Content management is not just software. Many companies will embrace a CMS because the benefits of using one are obvious. And although content management systems are now common place, content management strategies are often nowhere to be seen.
These strategies focus on creating engaging, relevent content which often covers issues such as:
- themes, messages, voice and tone
- content channel distribution (newsletters, RSS etc)
- purpose of content
- content relationships
- search engine optimization
These are all great points to consider as part of a strategy but few strategies cover anything about removing old outdated content.
Out with the old
Good content managers will look to archive old news stories and completely remove out dated irrelevant content. Removing old content can be just as important as adding new material.
Even in companies where a solid content management strategy already exists, old content can pile up unchecked collecting virtual dust. Left unmanaged this content will drastically reduce the effectiveness of a website to meet the needs of a business.

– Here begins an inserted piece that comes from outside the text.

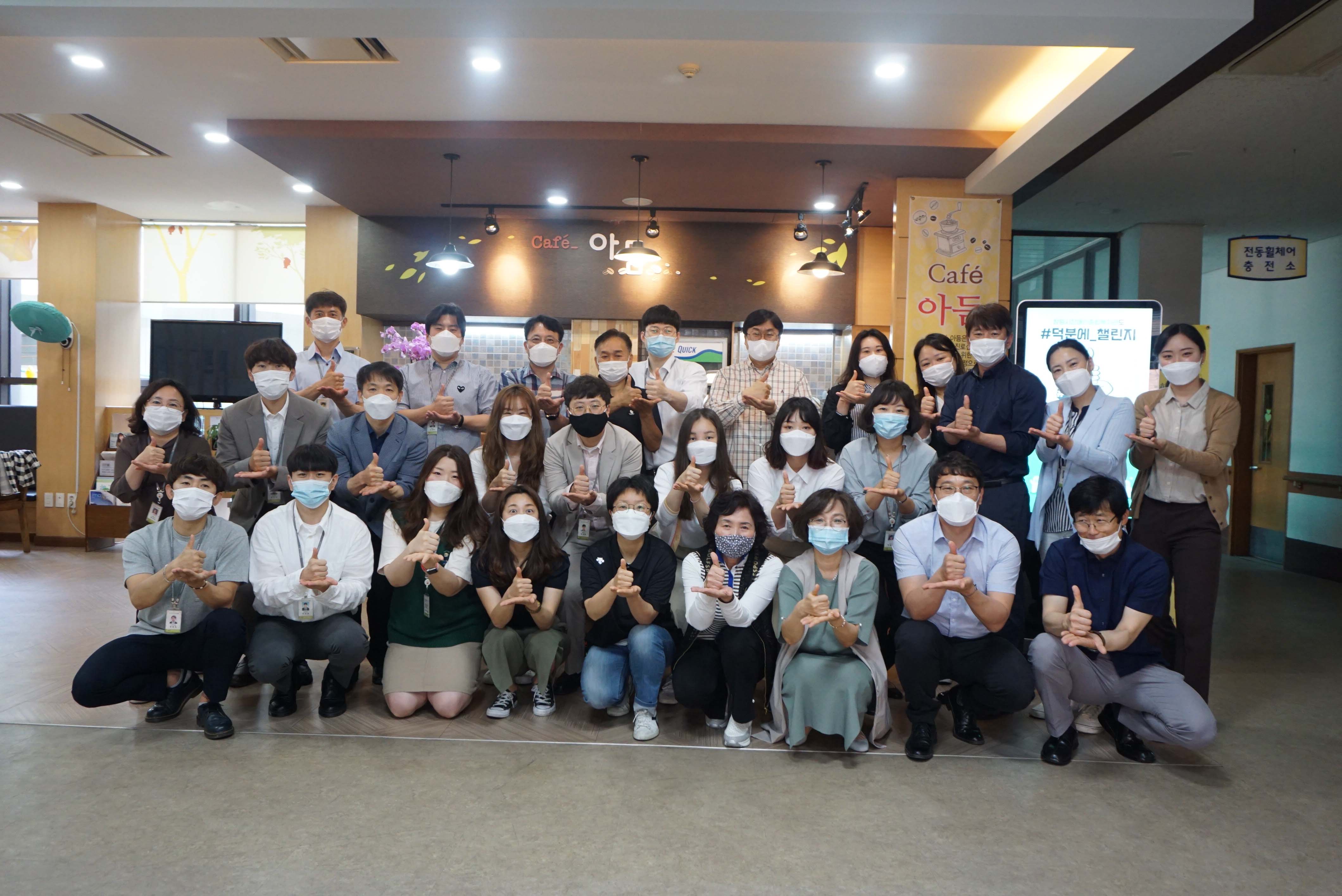 우리은행 창원공단금융센터에서 따뜻한 성금 200만원을 들고 복지관을 방문해주셨습니다.오랜만에 복지관에 많은 사람들이 방문해주셔서 활기찬 모습이었습니다. 성금전달식을 마치고 우리은행 창원공단금융센터 직원들은 1층 아듬카페를 청소했습니다.후원해주신 우리은행 창원공단금융센터에 감사드립니다.전해주신 성금은 장애인복지 발전에 사용하도록 하겠습니다.

Outdated content can be more visible than you think and will devalue fresh content by making the new stuff less likely to be read. A visitor reading old content is not consuming your new material.
Once a visitor lands on old content don’t relly on them to click through to more relevent information. Having a quick look at a “depth of visit report” in google analytics will tell you what percentage of people only view a single page on your site. Most sites record a high number for this metric. So this potential customer who was shown outdated content leaves the site without experiencing what a company has to offer and is likely never to return.
What stays and what goes
Does a certain older piece of content still provide value to the user? Only a user can answer this but you could have a wild guess. Or, better than guessing look at the analytics of that page. Look at the amount of traffic it attracts, look at it’s bounce rate and where they go to after?
Sometimes completely removing a page can be too drastic. If the page is pulling in good search traffic but resulting in a high bounce rate then modify the content to make it more relevant. Use that page to direct the user to more relevant content that still satisfies the users initial search request.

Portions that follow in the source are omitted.